TO A THREAD-WAISTED SPHECID WASP IN ENOLA, PA

I’ve been left alone on my third wedding anniversary

until you return to my stoop with your payload,

a radiant caterpillar gripped in your mouth, clinging

all along your belly. At first I thought it might be

attacking you. You dove loud and low, almost hopped,

as if trying to shake it off. Those million legs

kept flipping you. Yesterday I watched you push against

each other on the steps until tumbling into a spider’s web.

While you thrashed and freed yourself, the caterpillar fell

limp, maybe knowing to save energy for some fragile version

 

of the afterlife. And today when you hum in from the river,

I can see right away the caterpillar is finally dead, although

you are still wrapped in full-body embrace. I forgive this

deception: this morning I allowed a fly to crawl the length

of my leg because I wanted to be touched, and a perfect

stillness sometimes feels like something’s coming.

 

The two of you make a remarkable creature, your glossy body

and violently blue belt, that corpse a flush berth beneath.

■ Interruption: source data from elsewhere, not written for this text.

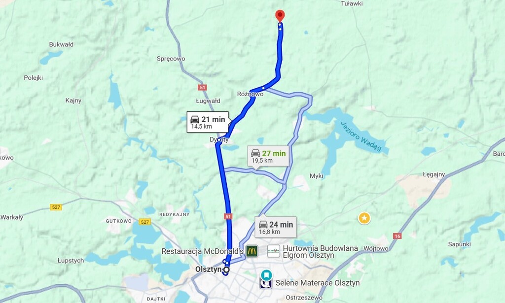 Do pobliskich Dywit samochodem można dojechać w 10 min (7 km), do Olsztyna w 22 min. (15 km).
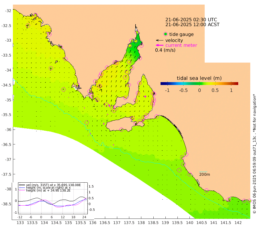1cm/s -169T +10cm/s rms + 5cm/s 114T. SAM1DS 520m 4cm/s -74T +13cm/s rms + 5cm/s -36T. SAM2CP 100m 4cm/s -14T +21cm/s rms + 18cm/s 142T. SAM3MS 168m 4cm/s -40T +22cm/s rms + 0cm/s -30T. SAM4CY 117m 2cm/s -100T +23cm/s rms + 2cm/s 99T. SAM5CB 94m 3cm/s 21T +8cm/s rms + 3cm/s -172T. SAM6IS 83m 2cm/s -14T +11cm/s rms + 7cm/s 150T. SAM7DS 519m 14cm/s -10T +10cm/s rms + 2cm/s 87T. SAM8SG 47m 8cm/s 6T +20cm/s rms + 12cm/s -168T. NRSKAI 101m 15cm Warrnambool 14cm Port Fairy 16cm Portland 15cm Port Macdonnell 17cm Beachport 18cm Cape Rabelais (off) 18cm Robe 18cm Cape Jaffa 18cm Kingston 23cm Victor Harbor 18cm Vivonne Bay 36cm Kingscote 34cm American River 31cm Penneshaw 31cm Cape Jervis 33cm Second Valley 40cm Port Noarlunga 41cm Port Stanvac 41cm Brighton 41cm Glenelg 43cm Port Adelaide (Outer Harbor) 37cm Angus Inlet (Garden Island) 49cm Ardrossan 53cm Port Vincent 42cm Port Giles 25cm Stenhouse Bay 29cm Althorpe Island 23cm Pondalowie Bay 34cm Point Turton 31cm Port Victoria 34cm Cape Elizabeth 39cm Tiparra Reef Light 37cm Wallaroo 38cm Middle Bank 6cm Port Broughton 23cm Port Pirie 23cm Red Cliff Point (Beacon 5) 28cm Port Bonython 32cm Whyalla 37cm Western Shoal Beacon 35cm Franklin Harbor 45cm Franklin Harbor Entrance Beacon 43cm Arno Bay 45cm Port Neill 42cm Cape Hardy 40cm Tumby Bay 43cm Reevesby Island 35cm Port Lincoln 29cm Taylors Landing 33cm Whalers Bay 28cm Wedge Island Mooring 20cm Shelf Edge Mooring 27cm Coffin Bay Entrance Beacon 19cm Greenly Island 24cm Elliston 21cm Pearson Island 24cm Venus Bay 34cm Blanche Port (Streaky Bay) 33cm Thevenard 30cm St Francis Island
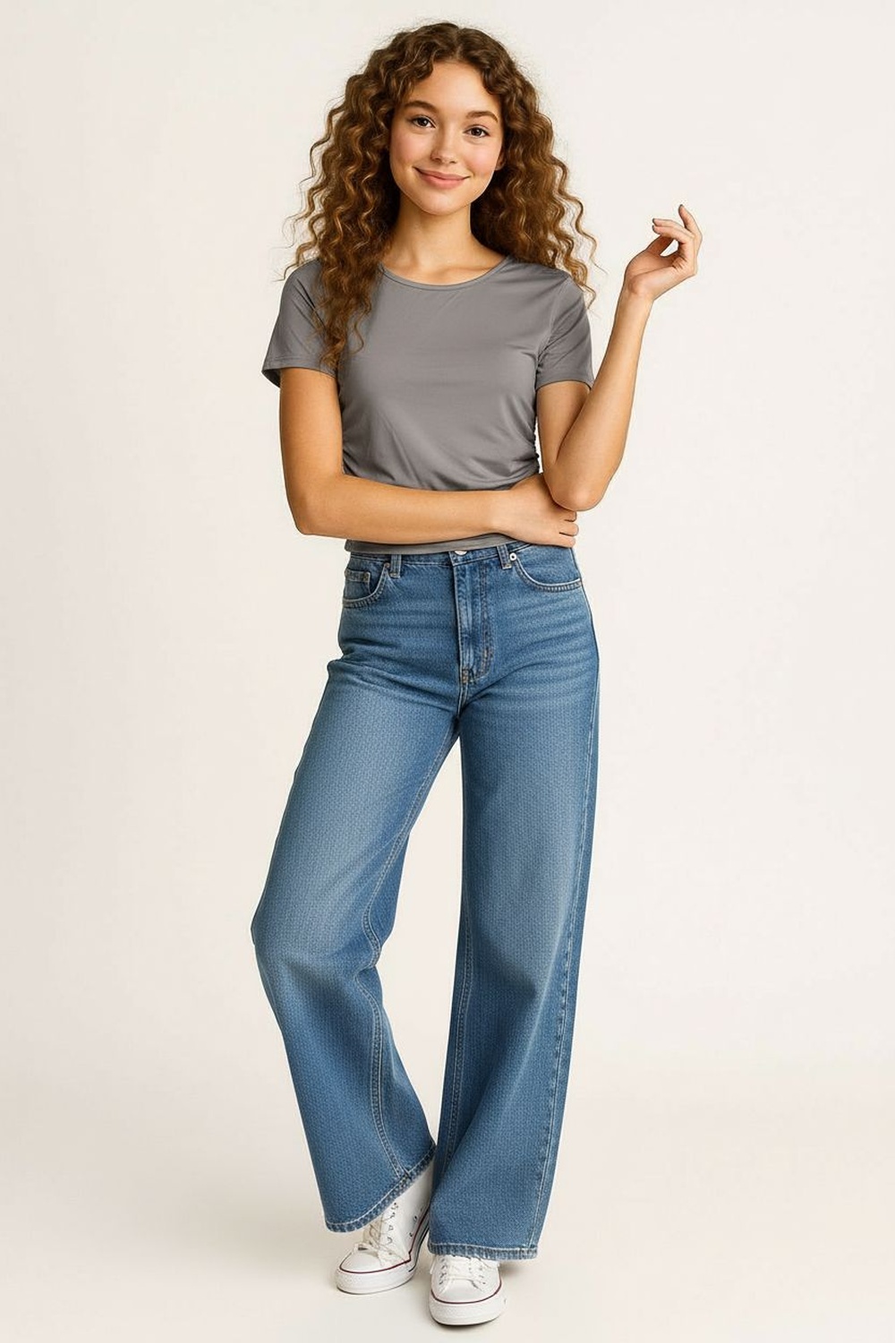 Playera de manga corta con escote redondo, detalle fruncido lateral, estructura ligera, ajuste al cuerpo, acabado suave
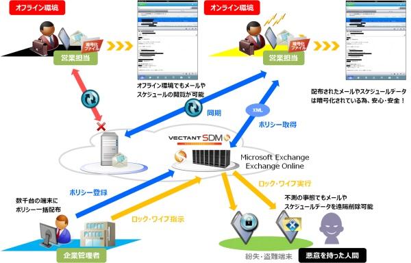 丸紅アクセスソリューションズの提供する「VECTANT SDM」は、「コンテンツ(データファイル)配信機能」や「VPN機能」を備え、スマートデバイスを業務活用するためのMDM(Mobile Device Management)として、さまざまなニーズにお応えしてきましたが、今回、NitroDeskの提供するグループウェアアプリ「TouchDown」との連携により、スマートデバイスからメール、スケジュールの閲覧がより安心、安全にご利用頂くことが可能となりました。

In fusion, you have altered each other, and my heart,

a nucleus, splits and splits. Its next punch could be its burst.

 

With four of your legs, you draw the weight you carry close,

a final cradle, and—bomber that you are—you spread

two dangerous wings, lift off for the river. Wasp,

we are not simple vessels. We are blistering atoms seeking

to be cracked, our bodies expanding into a cloud.